沈逸聞言笑了笑,然後拿出了那枚戒指放在了何文州的面前。
「我聽任秉禮說你很想進審訊室,現在你已經進來了,如果能說出些讓我感興趣的事,或許我可以讓你見一見桃井小姐。」
何文州看着眼前的戒指,明白沈逸已經知道了他和桃井奈美之間的關係。
如果桃井奈美不在特務處手上,他可能還可以撐會兒,但是現在他知道自己撐不住的。
「我想先見一下她。」何文州說道。
「你沒有和我提要求的資格,想見她,先說出一些讓我感興趣的事情。
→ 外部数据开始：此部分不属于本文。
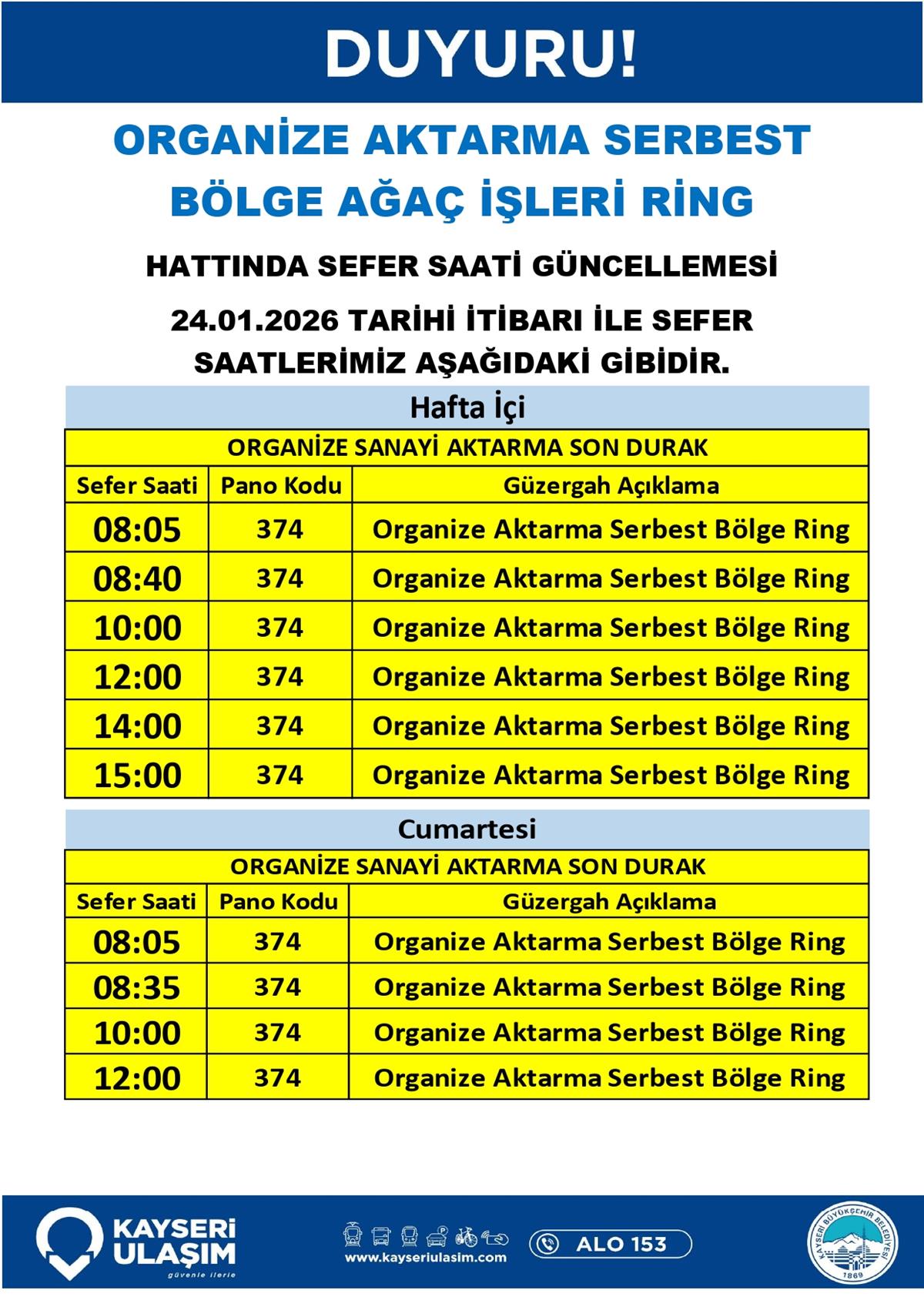 ORGANİZE AKTARMA SERBEST BÖLGE AĞAÇ İŞLERİ RİNG HATTINDA SEFER SAATİ GÜNCELLEMESİ

」沈逸毫不留情的說道。
何文州聞言知道自己必須說出一些有用的東西纔行。
「我來金陵除了要拿到奈美手中的情報之外還有一個任務,就是接近滬上醫學院的湯飛凡教授,然後拿到他的筆記本……」
湯飛凡,湘南人,著名微生物學家、病毒學家,被譽爲「中國疫苗之父」。
幾個月前他應英國學者艾爾福特之邀前往英國合作交流,在那裏他見到了最新型的流感病毒。
根據特高課得到的情報,湯飛凡有一個筆記本,裏面不僅有他對病毒的研究,還有他在英國見到的那款新型病毒的數據。
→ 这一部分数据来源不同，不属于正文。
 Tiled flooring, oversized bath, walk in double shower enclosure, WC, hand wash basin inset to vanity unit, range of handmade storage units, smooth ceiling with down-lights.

湯飛凡回國之後便被中央醫院邀請來院指導,現在他就在中央醫院內。
恰巧此時何文州回國,於是特高課根據他的具體情況,便把這個任務交給了他。
唐少軒就是何文州接近湯飛凡的橋樑。
沈逸聽完之後心中震顫,特高課想要拿到湯飛凡筆記本的目的他已經猜到了。
他前世看到過相關的數據年6月份,日本設立了關東軍防疫給水部。
它的前身就是1932年日本於東京若松町的陸軍軍醫學校創立細菌研究室,對外稱「防疫研究室」。
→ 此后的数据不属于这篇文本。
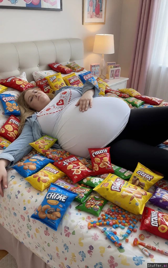 Make her lie totally overeat on a queen size bed covered with snacks and candy bags in a girls room, zoom in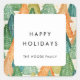 Pegatina de Felices Fiestas. Un minimalista y sencillo diseño de árboles de Navidad multicolor.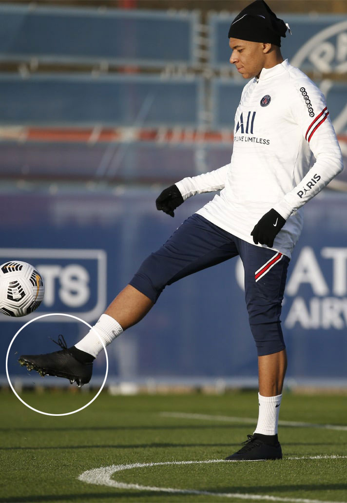 두 번째 선수는 PSG의 ‘킬리안 음바페(Kylian Mbappe)’입니다. 음바페 역시 훈련장에서 블랙아웃 축구화를 신었는데요.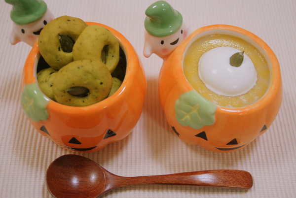 ハロウィンの陶器を作っていただきましたという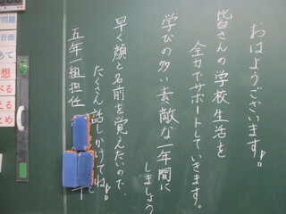 新学期のスタートに胸を弾ませているのは、こどもたちだけではありません。先生方も新しい出会い、クラスの始まりにワクワクしていますよ。教室の黒板に、その一端を見た思いがしますね。すてきな学級を全員で創り上げていっていってほしいです。

而所謂的防疫給水部也只不過是他表面的名字而已,在1941年,它有了一個新的名字。
731。
這個時候特高課想得到湯飛凡的筆記本,其目的不言而喻!
「混蛋!」
這個筆記本絕對不能落到日本人的手裏!
「你拿到這個筆記本了嗎?」沈逸問道。
「還沒有。」
沈逸聞言點了點頭,現在國內對於細菌戰完全沒有概念,畢竟任誰也想不到日本能做出這種事情。
希望這件事能給果黨高層那些人敲響一下警鐘。
沈逸繼續問道:「你真名叫甚麼?你是怎麼知道任秉禮的?爲甚麼特高課在不確定桃井奈美是否叛變的情況下還把你派了過來?」
「我真名叫山本佑介,至於其他的問題,我需要在見了奈美之後才能告訴你。」山本佑介笑道。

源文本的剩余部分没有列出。